Transcrição de artigos seguidos de outros pontos de reflexão:
Saber sem poder saber
Jornal de Notícias. 08-08-2010. Por António Freitas Cruz
«Já transitou para o baú das velharias, embora com pergaminhos de ciência política, uma frase que dá muito jeito em certas circunstâncias: "em política, o que parece é". Não há grande discussão sobre o facto de esta brilhante pérola se dever a Salazar. O que sei é que ele a usou naquelas pesadas e solenes orações da Assembleia Nacional, durante as quais exibia o seu nunca negado estilo linguístico.
Circulava por aí às voltas com pensamentos depressivos quando me perguntei acerca das razões por que nós, portugueses de hoje, andamos desorientados, sem pé e sem fé, falidos até de auto-estima, tolhidos por uma descrença que se não mede em euros, nem se resolveu com os pontapés do Cristiano Ronaldo (ao contrário do que prometiam obsessivamente as queridas televisões…).
Foi por esses dias que vi nos jornais o inusitado alívio do nosso procurador-geral por ter conseguido garantir que ninguém (nem a História!) acederia às célebres escutas que apanharam José Sócrates. Depois disso, aconteceu tudo o que fomos conhecendo também sobre o famigerado caso do Freeport, que acabou por correr muito mal aos mais altos e abnegados zeladores da Justiça.

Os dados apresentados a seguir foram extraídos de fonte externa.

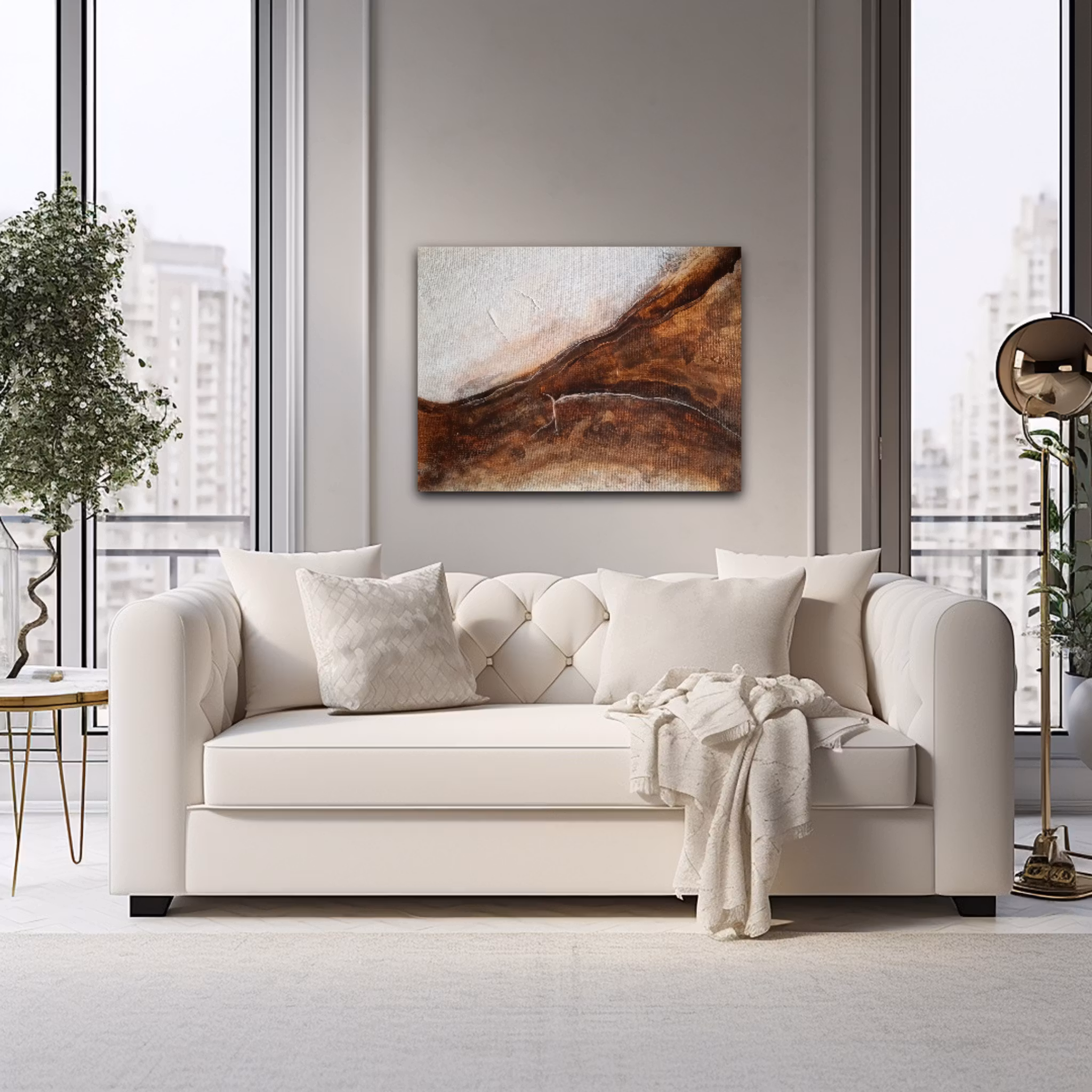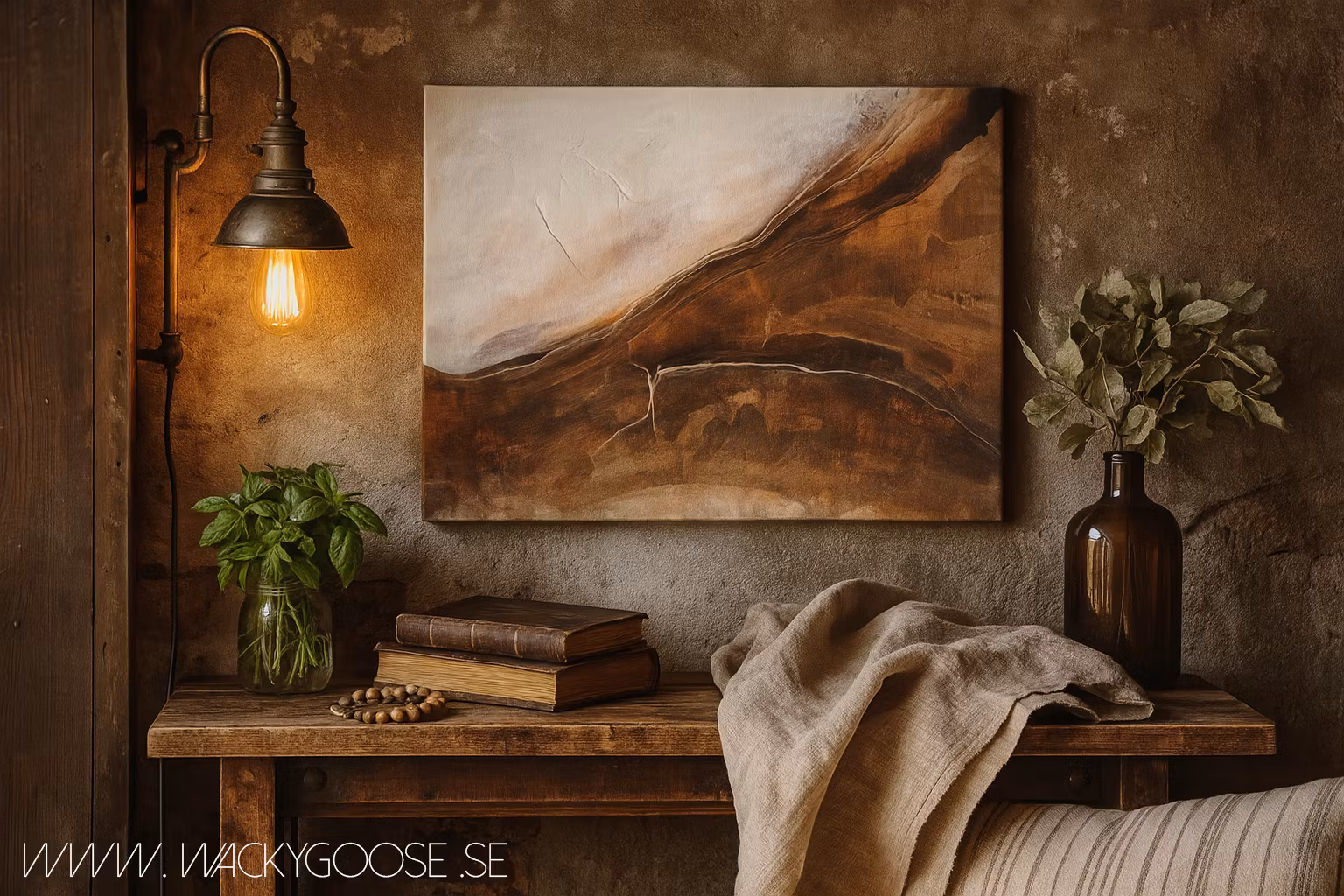 Låt värmen flöda genom rummet med "Amber" - en abstrakt målning som fångar känslan av bärnsten, jord och glödande stillhet. Med djupa nyanser av rost, karamell och mjuk beige skapar tavlan en varm och inbjudande atmosfär, perfekt för dig som vill inreda med själ och naturlig elegans.

Então, deu-me para exorbitar da chinela, dar voz ao meu momento criativo, e pensar que poderíamos dizer: "na Justiça, o que sabemos… não podemos saber".
Eis uma frase com futuro: talvez vá parar aos compêndios…»
A Justiça e a falta de tempo
Jornal de Notícias. 08-08-2010. Por Zita Seabra
«A Justiça portuguesa chegou a um ponto de tal gravidade que coloca em questão o normal funcionamento das instituições. O normal funcionamento das instituições não pode excluir o normal funcionamento da Justiça e limitar-se ao Governo e ao Parlamento. O Estado de Direito só funciona se a Justiça funcionar, se os cidadãos confiarem na Justiça e se a Justiça for célere e independente.
Tudo isto é tão evidente e óbvio que parece uma banalidade escrevê-lo. Mas o que estamos a assistir neste momento, em que o descrédito da Justiça entra pelos olhos dentro, é perigoso e de consequências graves previsíveis. (…)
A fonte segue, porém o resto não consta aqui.